§ Task goal:
Without changing a character, return the entries, but not the images they hold.
|---|
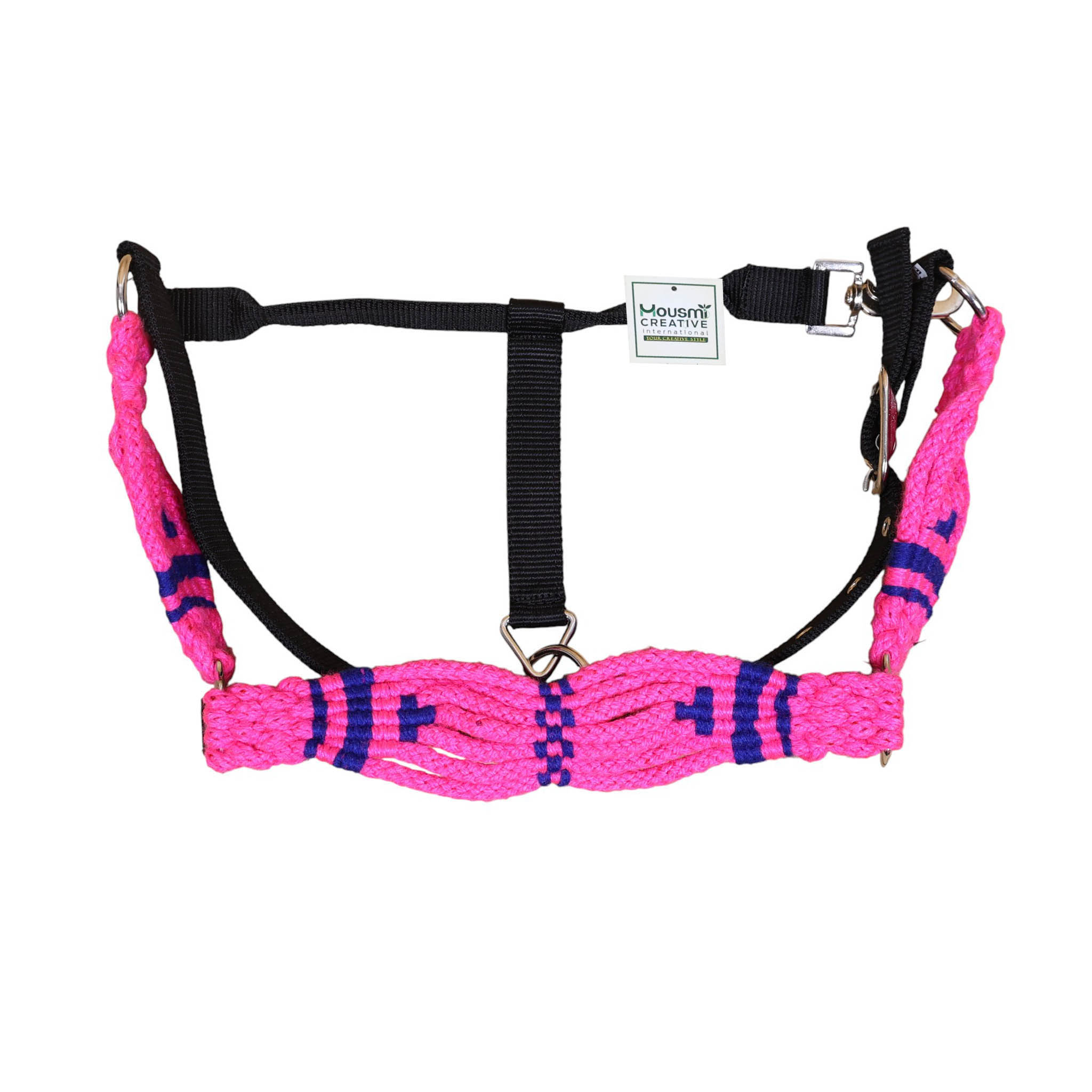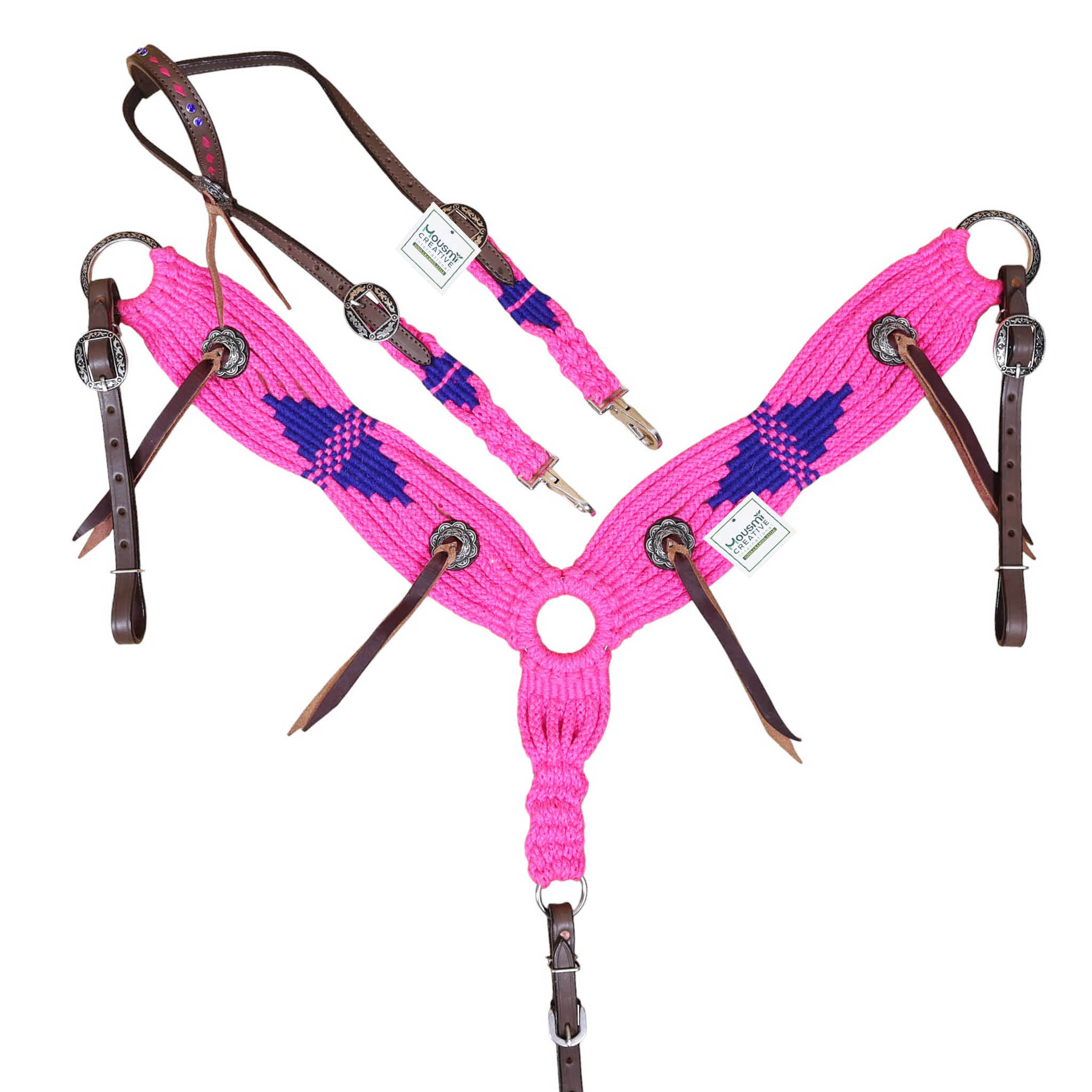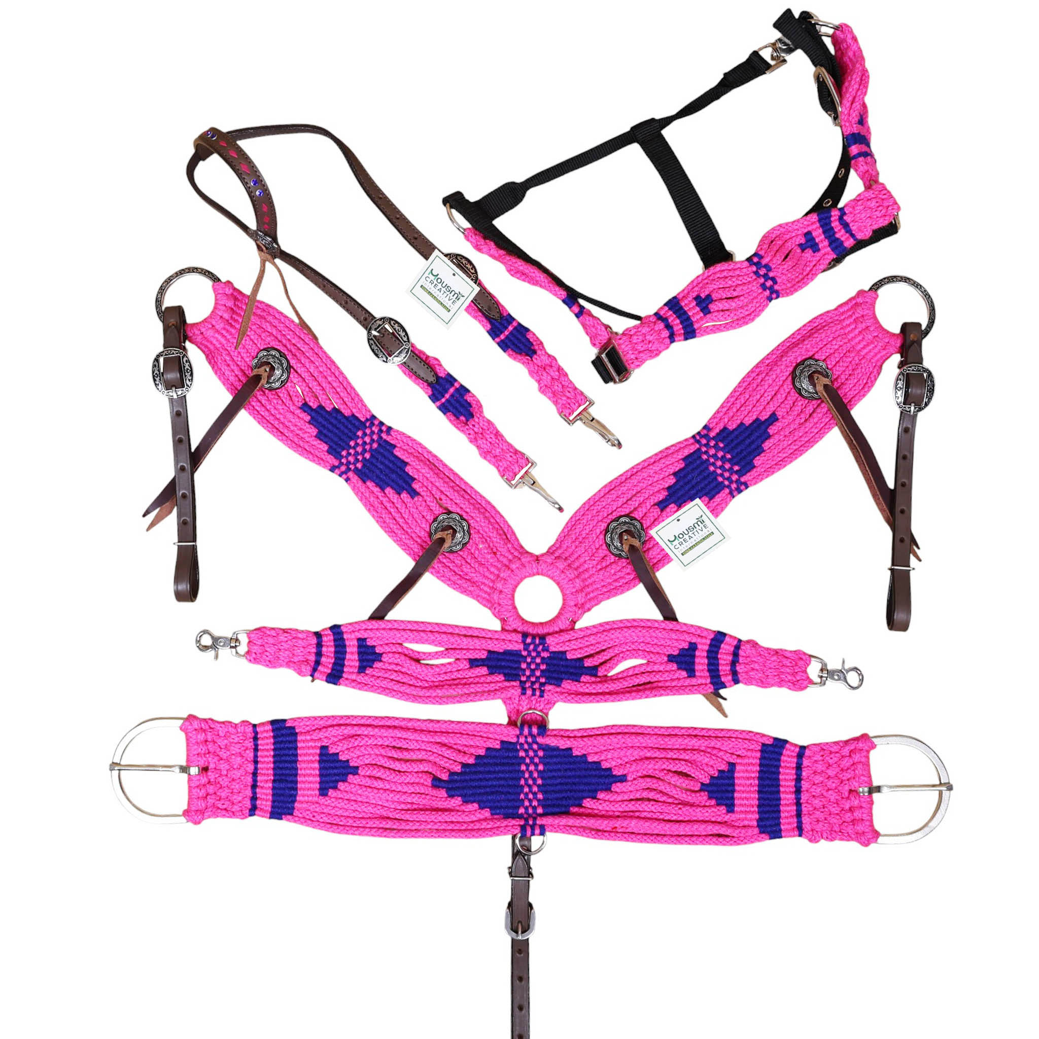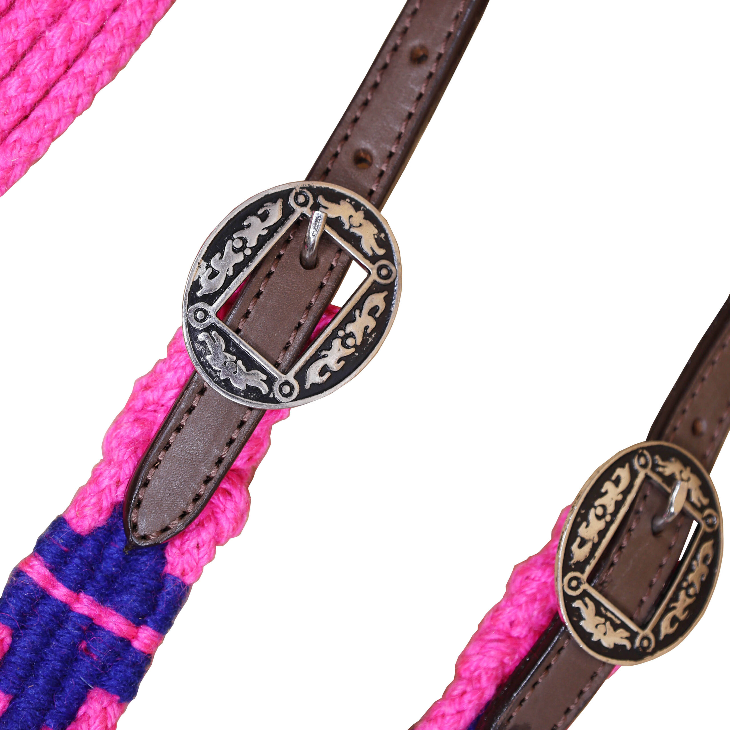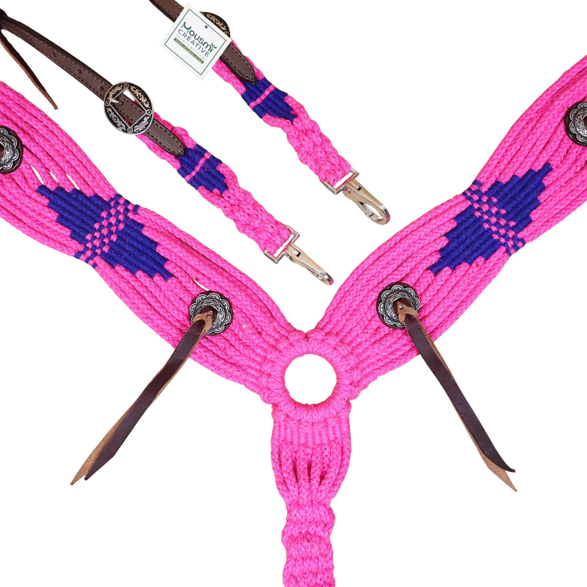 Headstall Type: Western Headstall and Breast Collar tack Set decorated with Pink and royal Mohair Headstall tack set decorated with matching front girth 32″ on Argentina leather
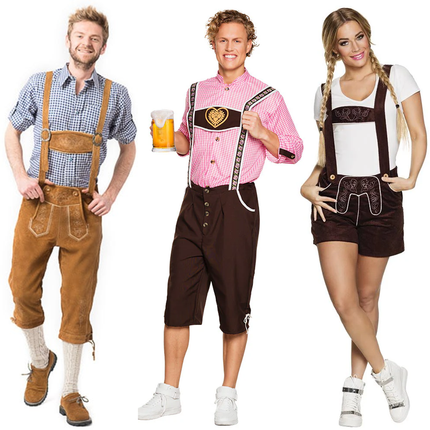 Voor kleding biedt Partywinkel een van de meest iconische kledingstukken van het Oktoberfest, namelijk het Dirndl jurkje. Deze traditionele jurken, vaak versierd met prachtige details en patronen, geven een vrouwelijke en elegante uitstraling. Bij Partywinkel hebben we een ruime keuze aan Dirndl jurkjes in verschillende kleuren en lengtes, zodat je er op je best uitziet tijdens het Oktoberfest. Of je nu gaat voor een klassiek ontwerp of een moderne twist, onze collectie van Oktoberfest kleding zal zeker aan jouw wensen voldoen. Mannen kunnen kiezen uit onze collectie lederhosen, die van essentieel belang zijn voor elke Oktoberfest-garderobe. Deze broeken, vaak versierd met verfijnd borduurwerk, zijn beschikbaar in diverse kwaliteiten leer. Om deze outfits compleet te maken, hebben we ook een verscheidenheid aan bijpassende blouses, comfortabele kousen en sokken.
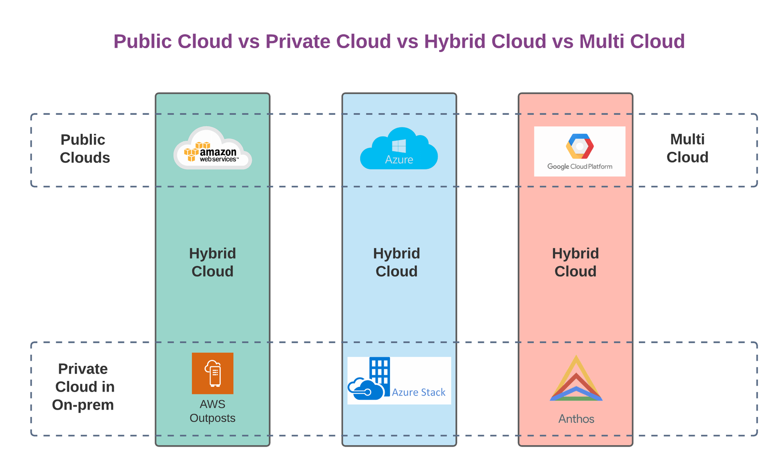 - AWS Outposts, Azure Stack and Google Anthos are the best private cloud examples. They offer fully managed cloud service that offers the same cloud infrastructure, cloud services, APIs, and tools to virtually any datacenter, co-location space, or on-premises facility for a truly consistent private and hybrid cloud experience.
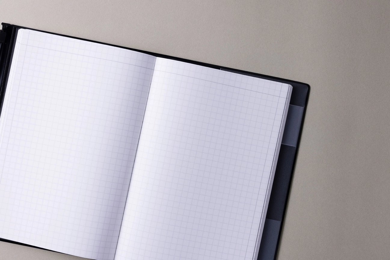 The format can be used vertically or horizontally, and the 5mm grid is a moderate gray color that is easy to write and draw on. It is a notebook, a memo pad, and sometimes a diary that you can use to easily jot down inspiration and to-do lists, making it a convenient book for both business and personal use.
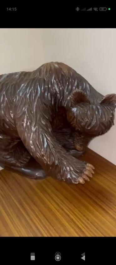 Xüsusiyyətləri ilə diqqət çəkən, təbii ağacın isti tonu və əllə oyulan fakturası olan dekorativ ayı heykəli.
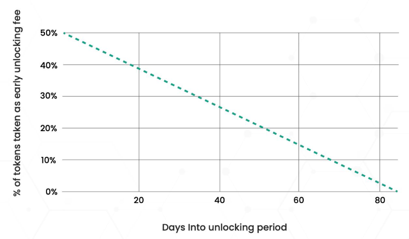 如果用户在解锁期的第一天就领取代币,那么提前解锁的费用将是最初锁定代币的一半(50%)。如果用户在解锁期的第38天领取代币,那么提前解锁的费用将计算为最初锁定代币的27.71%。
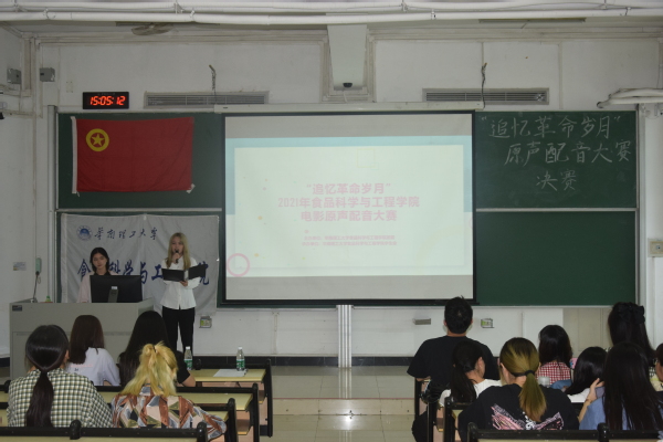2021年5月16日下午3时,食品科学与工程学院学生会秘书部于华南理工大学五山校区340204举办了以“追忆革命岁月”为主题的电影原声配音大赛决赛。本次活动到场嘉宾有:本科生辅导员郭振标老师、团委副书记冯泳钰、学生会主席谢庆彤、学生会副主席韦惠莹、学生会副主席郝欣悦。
|---|
§ Solution to this exercise:
 Headstall Type: Western Headstall and Breast Collar tack Set decorated with Pink and royal Mohair Headstall tack set decorated with matching front girth 32″ on Argentina leather
 Voor kleding biedt Partywinkel een van de meest iconische kledingstukken van het Oktoberfest, namelijk het Dirndl jurkje. Deze traditionele jurken, vaak versierd met prachtige details en patronen, geven een vrouwelijke en elegante uitstraling. Bij Partywinkel hebben we een ruime keuze aan Dirndl jurkjes in verschillende kleuren en lengtes, zodat je er op je best uitziet tijdens het Oktoberfest. Of je nu gaat voor een klassiek ontwerp of een moderne twist, onze collectie van Oktoberfest kleding zal zeker aan jouw wensen voldoen. Mannen kunnen kiezen uit onze collectie lederhosen, die van essentieel belang zijn voor elke Oktoberfest-garderobe. Deze broeken, vaak versierd met verfijnd borduurwerk, zijn beschikbaar in diverse kwaliteiten leer. Om deze outfits compleet te maken, hebben we ook een verscheidenheid aan bijpassende blouses, comfortabele kousen en sokken.
 - AWS Outposts, Azure Stack and Google Anthos are the best private cloud examples. They offer fully managed cloud service that offers the same cloud infrastructure, cloud services, APIs, and tools to virtually any datacenter, co-location space, or on-premises facility for a truly consistent private and hybrid cloud experience.
 The format can be used vertically or horizontally, and the 5mm grid is a moderate gray color that is easy to write and draw on. It is a notebook, a memo pad, and sometimes a diary that you can use to easily jot down inspiration and to-do lists, making it a convenient book for both business and personal use.
 Xüsusiyyətləri ilə diqqət çəkən, təbii ağacın isti tonu və əllə oyulan fakturası olan dekorativ ayı heykəli.
 如果用户在解锁期的第一天就领取代币,那么提前解锁的费用将是最初锁定代币的一半(50%)。如果用户在解锁期的第38天领取代币,那么提前解锁的费用将计算为最初锁定代币的27.71%。
2021年5月16日下午3时,食品科学与工程学院学生会秘书部于华南理工大学五山校区340204举办了以“追忆革命岁月”为主题的电影原声配音大赛决赛。本次活动到场嘉宾有:本科生辅导员郭振标老师、团委副书记冯泳钰、学生会主席谢庆彤、学生会副主席韦惠莹、学生会副主席郝欣悦。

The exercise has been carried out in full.